▶ _YOUR OBJECTIVE_
Write out, word for word, every line in the data below from the one containing "Balenciaga logo Paris" to the one containing "Balsam po goleniu", both of them included.

▶ _MATERIAL FOR THIS TASK_
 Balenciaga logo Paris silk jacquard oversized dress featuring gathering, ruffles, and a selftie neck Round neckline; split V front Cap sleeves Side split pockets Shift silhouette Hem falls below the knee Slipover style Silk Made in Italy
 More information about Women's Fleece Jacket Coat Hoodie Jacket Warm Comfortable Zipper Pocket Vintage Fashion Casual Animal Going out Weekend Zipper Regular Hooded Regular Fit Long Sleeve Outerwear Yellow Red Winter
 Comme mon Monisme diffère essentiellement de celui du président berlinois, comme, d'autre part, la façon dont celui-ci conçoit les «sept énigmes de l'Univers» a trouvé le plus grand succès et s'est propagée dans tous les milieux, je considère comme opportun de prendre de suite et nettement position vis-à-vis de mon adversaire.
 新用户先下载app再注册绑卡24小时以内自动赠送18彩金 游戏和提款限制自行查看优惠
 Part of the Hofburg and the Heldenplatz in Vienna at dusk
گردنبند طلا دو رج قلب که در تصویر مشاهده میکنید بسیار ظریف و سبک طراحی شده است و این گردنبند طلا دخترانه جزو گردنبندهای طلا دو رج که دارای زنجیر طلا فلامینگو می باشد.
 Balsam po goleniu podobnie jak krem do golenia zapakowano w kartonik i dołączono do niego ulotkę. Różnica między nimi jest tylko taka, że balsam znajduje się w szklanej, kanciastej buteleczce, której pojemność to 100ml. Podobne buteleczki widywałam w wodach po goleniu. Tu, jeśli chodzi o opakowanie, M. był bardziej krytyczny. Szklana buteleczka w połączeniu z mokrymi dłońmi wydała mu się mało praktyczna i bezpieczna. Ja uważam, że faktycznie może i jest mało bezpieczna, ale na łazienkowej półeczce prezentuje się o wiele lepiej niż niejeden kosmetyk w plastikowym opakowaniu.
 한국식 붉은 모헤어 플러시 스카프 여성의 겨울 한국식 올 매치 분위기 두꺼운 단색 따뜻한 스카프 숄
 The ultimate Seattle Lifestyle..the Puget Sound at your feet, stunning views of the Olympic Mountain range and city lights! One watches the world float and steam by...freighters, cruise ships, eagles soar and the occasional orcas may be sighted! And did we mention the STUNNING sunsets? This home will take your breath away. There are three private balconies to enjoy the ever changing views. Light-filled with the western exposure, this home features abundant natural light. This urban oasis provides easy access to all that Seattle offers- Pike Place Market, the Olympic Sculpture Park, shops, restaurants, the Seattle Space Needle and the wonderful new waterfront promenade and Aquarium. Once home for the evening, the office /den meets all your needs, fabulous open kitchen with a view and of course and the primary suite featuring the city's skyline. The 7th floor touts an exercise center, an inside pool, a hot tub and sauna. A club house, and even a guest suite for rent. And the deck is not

--

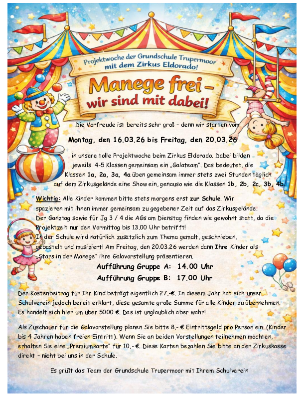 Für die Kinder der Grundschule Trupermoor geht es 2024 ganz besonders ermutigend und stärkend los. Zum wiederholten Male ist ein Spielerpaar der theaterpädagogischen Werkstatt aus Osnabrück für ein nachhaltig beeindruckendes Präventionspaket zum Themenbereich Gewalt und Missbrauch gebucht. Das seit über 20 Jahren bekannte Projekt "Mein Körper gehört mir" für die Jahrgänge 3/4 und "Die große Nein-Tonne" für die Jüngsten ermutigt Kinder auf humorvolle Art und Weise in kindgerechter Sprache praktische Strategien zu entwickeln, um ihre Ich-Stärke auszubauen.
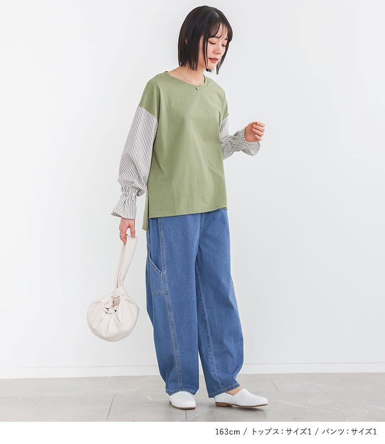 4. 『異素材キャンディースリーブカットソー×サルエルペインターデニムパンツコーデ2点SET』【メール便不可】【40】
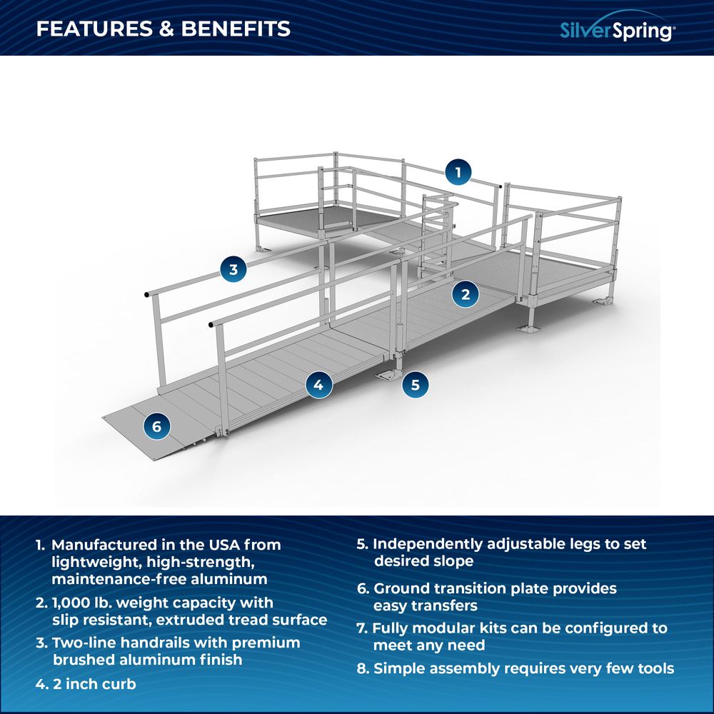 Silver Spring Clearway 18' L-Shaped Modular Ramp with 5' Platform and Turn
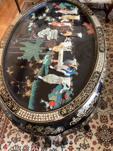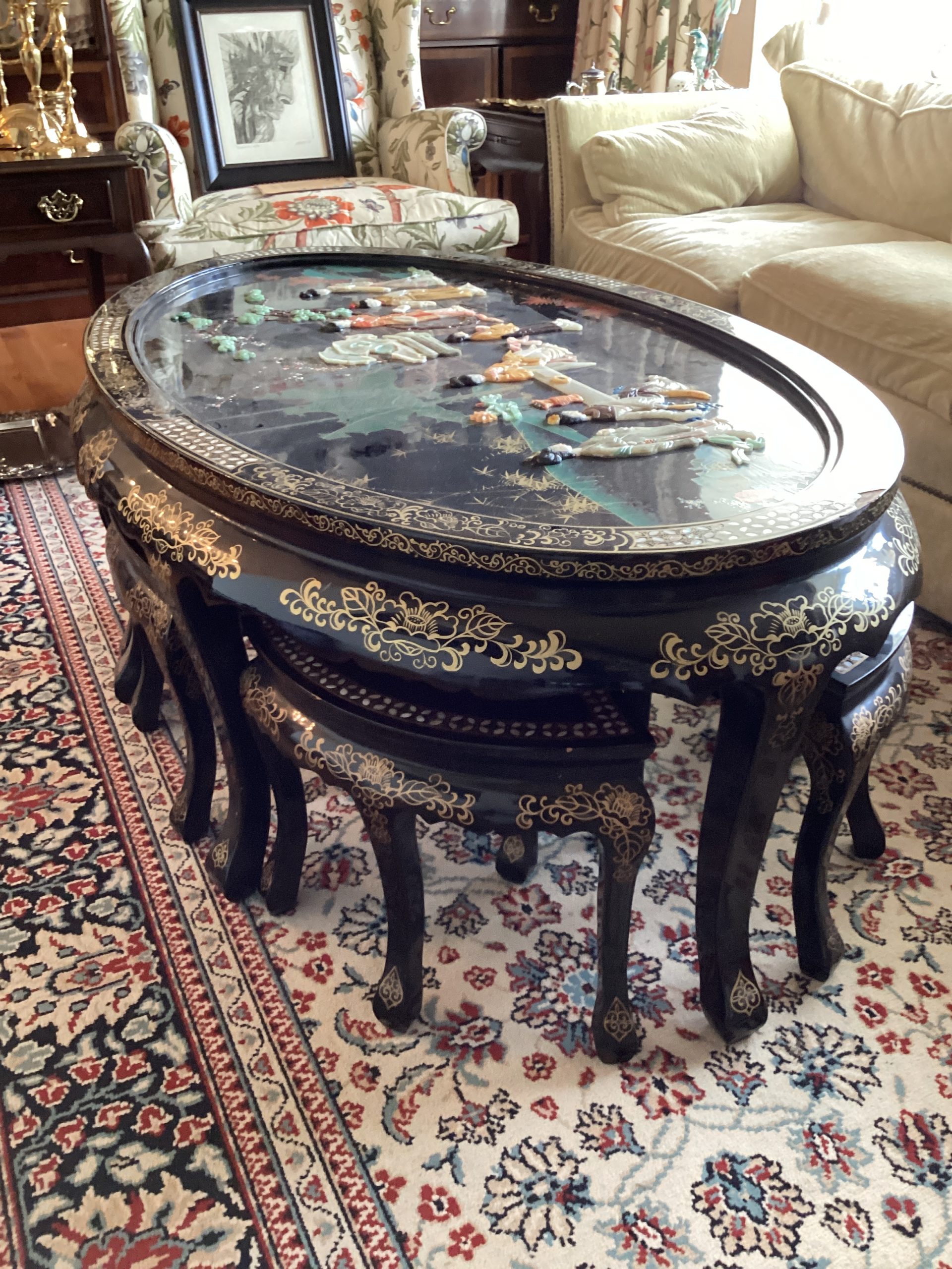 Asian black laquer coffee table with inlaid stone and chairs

▶ _EXERCISE SOLUTION_
 Balenciaga logo Paris silk jacquard oversized dress featuring gathering, ruffles, and a selftie neck Round neckline; split V front Cap sleeves Side split pockets Shift silhouette Hem falls below the knee Slipover style Silk Made in Italy
 More information about Women's Fleece Jacket Coat Hoodie Jacket Warm Comfortable Zipper Pocket Vintage Fashion Casual Animal Going out Weekend Zipper Regular Hooded Regular Fit Long Sleeve Outerwear Yellow Red Winter
 Comme mon Monisme diffère essentiellement de celui du président berlinois, comme, d'autre part, la façon dont celui-ci conçoit les «sept énigmes de l'Univers» a trouvé le plus grand succès et s'est propagée dans tous les milieux, je considère comme opportun de prendre de suite et nettement position vis-à-vis de mon adversaire.
 新用户先下载app再注册绑卡24小时以内自动赠送18彩金 游戏和提款限制自行查看优惠
 Part of the Hofburg and the Heldenplatz in Vienna at dusk
گردنبند طلا دو رج قلب که در تصویر مشاهده میکنید بسیار ظریف و سبک طراحی شده است و این گردنبند طلا دخترانه جزو گردنبندهای طلا دو رج که دارای زنجیر طلا فلامینگو می باشد.
 Balsam po goleniu podobnie jak krem do golenia zapakowano w kartonik i dołączono do niego ulotkę. Różnica między nimi jest tylko taka, że balsam znajduje się w szklanej, kanciastej buteleczce, której pojemność to 100ml. Podobne buteleczki widywałam w wodach po goleniu. Tu, jeśli chodzi o opakowanie, M. był bardziej krytyczny. Szklana buteleczka w połączeniu z mokrymi dłońmi wydała mu się mało praktyczna i bezpieczna. Ja uważam, że faktycznie może i jest mało bezpieczna, ale na łazienkowej półeczce prezentuje się o wiele lepiej niż niejeden kosmetyk w plastikowym opakowaniu.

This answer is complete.